Dark indeed. Rosenbaum, like many before him, is positioning himself as yet another gloomy advocate of hopelessness and despair in the hellbent postmodern world. Far be it for me, of course, to disagree. Life’s no beach vacation (or perhaps, given my distaste for sunny locales, endless film festival). And from a purely secular point of view, his dismal, rational outlook on the totality of existence is probably the only reasonable one.

But the inference one has to make from his article is that United 93 should not have attempted to be uplifting, and that his rational, militantly secular defeatism is not only correct, but desirable. It’s “truth hurts” contrarian posturing that’s loopy at best, positively mean at worst, the sort of fashionable despondency you expect from a 19 year old who just finished reading The Stranger and wears fishnets on his arms.

Rosenbaum’s contention is that life and existence and everything is just one downhill ride with occasional pleasures along the way—sparks of goodness and nice sensations on an inextricable path to destruction. Fine. But if that’s the case, then why shouldn’t we find ways to celebrate and glorify the “local acts of courage” that he admits “help us hold on a little longer”? Rosenbaum is promoting his dreary worldview as if it’s somehow better than one in which even the worst days can have some small, heartening moments, but his worldview is the one that says that those heartening moments are the best we have. If that’s the case, then shouldn’t we latch onto them even stronger? If life, as one of the characters in American Pastoral plainly says, is merely “a short period of time in which we are alive” and those courageous little acts are all we have, then shouldn’t they be our focus?

But no. Rosenbaum thinks that we ought to concentrate on the “feeling that history has been hijacked by a cult of the undead, or the wannabe dead, suicidal murderers driven by theocratic savagery,” and that “we’re all doomed to crash and burn.” Call me a pony-lover, but his miserable, anti-redemptive view of existence mainly serves to self-perpetuate, providing less hope and fewer solutions.
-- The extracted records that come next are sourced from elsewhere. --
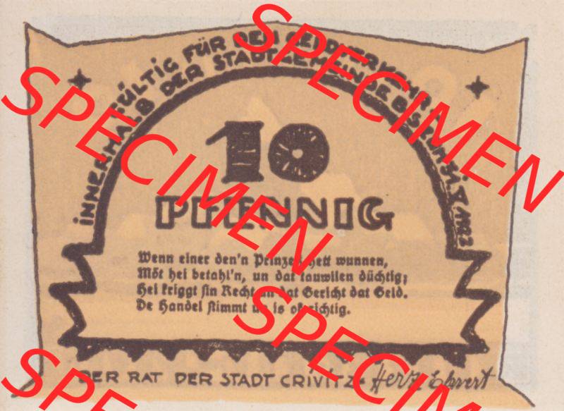 Reutergeld mit 10 Pfennig Nennwert von der Stadt Crivitz der Stadtgemeinde Crivitz,
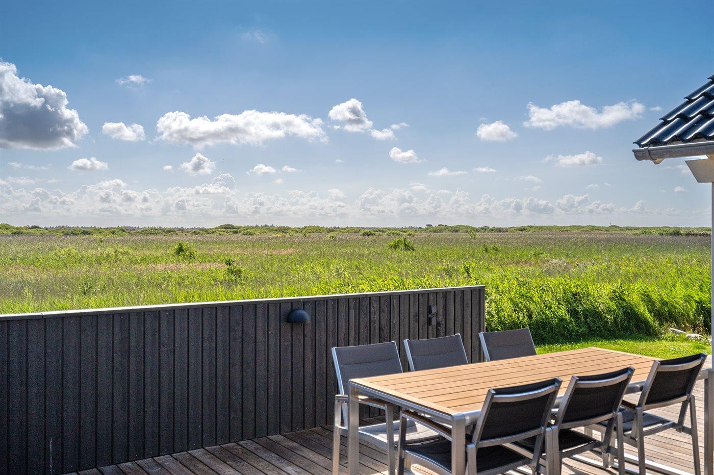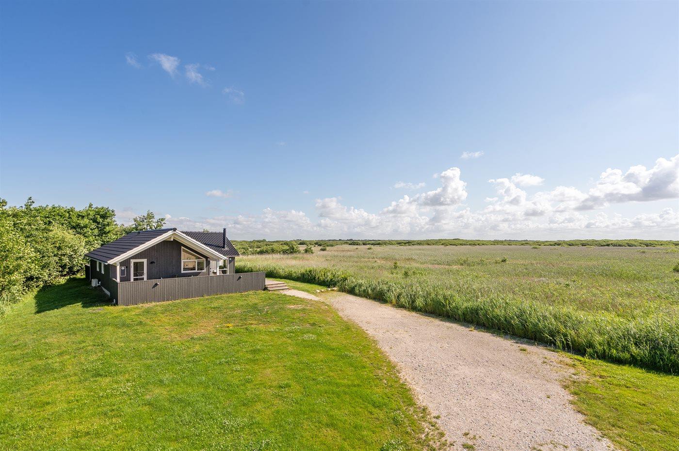 Ferieboligen er beliggende på en 1200 m² stor naturgrund. Der er 700 m til havet. Der er 3500 m til Vadehavet. Nærmeste forretning er beliggende i en afstand af 400 m. Der er en golfbane i en afstand af 7500 m. Til ferieboligen hører 150 m² terrasseareal. Udendørs infrarød sauna. Udendørs bruser. Parkering ved ferieboligen.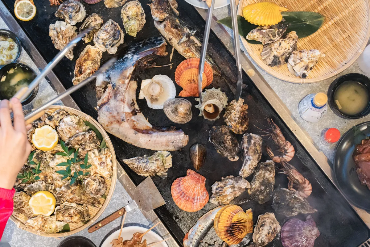 熱々の鉄板で焼き上がる牡蠣は、まさに冬ならではのごちそうです。ジューッという音とともに立ちのぼる香りに食欲が刺激され、ふっくらとした食感が味わえる鉄板での調理が、海鮮を一層美味しく引き立てます。食べ放題メニューも充実しており、ホタテやエビ、野菜など多彩な料理を自由に楽しむことができます。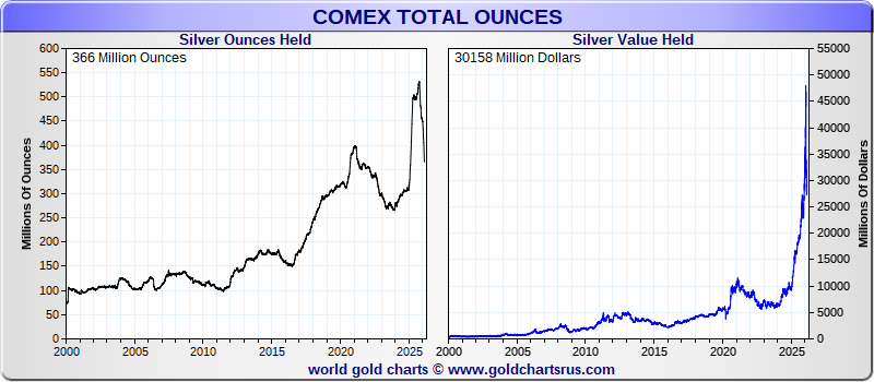 | COMEX | 88,191,059 oz | $ 7,261,651,798 | 0 oz | -26,071,716 oz | -22.82 % | ||||||

If we’re all going to crash and burn anyway, why spend the whole trip down being miserable?

5 Comments:

Blogger andyhorbal said...

At the bottom of Dana Steven's review of United 93 it says:

Dana Stevens is Slate's movie critic.

I guess those rumors were correct! I'm wondering, what are your thoughts on this choice?

April 28, 2006 9:21 AM  
Blogger Peter said...

Saw that last night. Thoughts forthcoming (regular work and United 93 stuff today and throughout the weekend).

April 28, 2006 9:39 AM  
Blogger ericpaddon said...

I've yet to see "United 93" but I did get a chance to watch the A+E cable flick "Flight 93" this past weekend on DVD and I don't think it's fair to dismiss that movie just because it was made for television/cable. There is a long history of great productions made for that medium (including the only other good 9/11 movie before this, "DC 9/11") and this production is also a very straightforward telling that also communicates the ruthlessness of the hijackers and the heroism of the passengers quite effectively. I don't know how it measures up to "United 93" but it is a work that should not be so easily dismissed.

May 04, 2006 12:41 PM  
Blogger Peter said...

I didn't, and wouldn't dismiss it. But to compare a wide-release studio film with a cable documentary is just silly. Rosenbaum wanted to make like Flight 93 films were popping up like weeds, but equating the two types of production--cable movie and Hollywood picture--is really stretching it.

May 04, 2006 4:03 PM  
Blogger ericpaddon said...

"Flight 93" is not the cable documentary produced by Discovery Channel (which was also good for what it was). And I don't think the comparison is necessarily silly because I've seen plenty of instances where a made for TV telling of an historical event was ultimately much better produced and done than its theatrical counterpart (some examples including how the 1991 NBC TV movie bio of Babe Ruth blew away the 92 theatrical mess with John Goodman, or how the 1981 telemovie "Miracle On Ice" was better in many areas than the 2003 theatrical version "Miracle").

I'm not citing that to defend the POV that there's too much about Flight 93 out there. From my standpoint, the more the better if they're done accurately and with the proper perspective.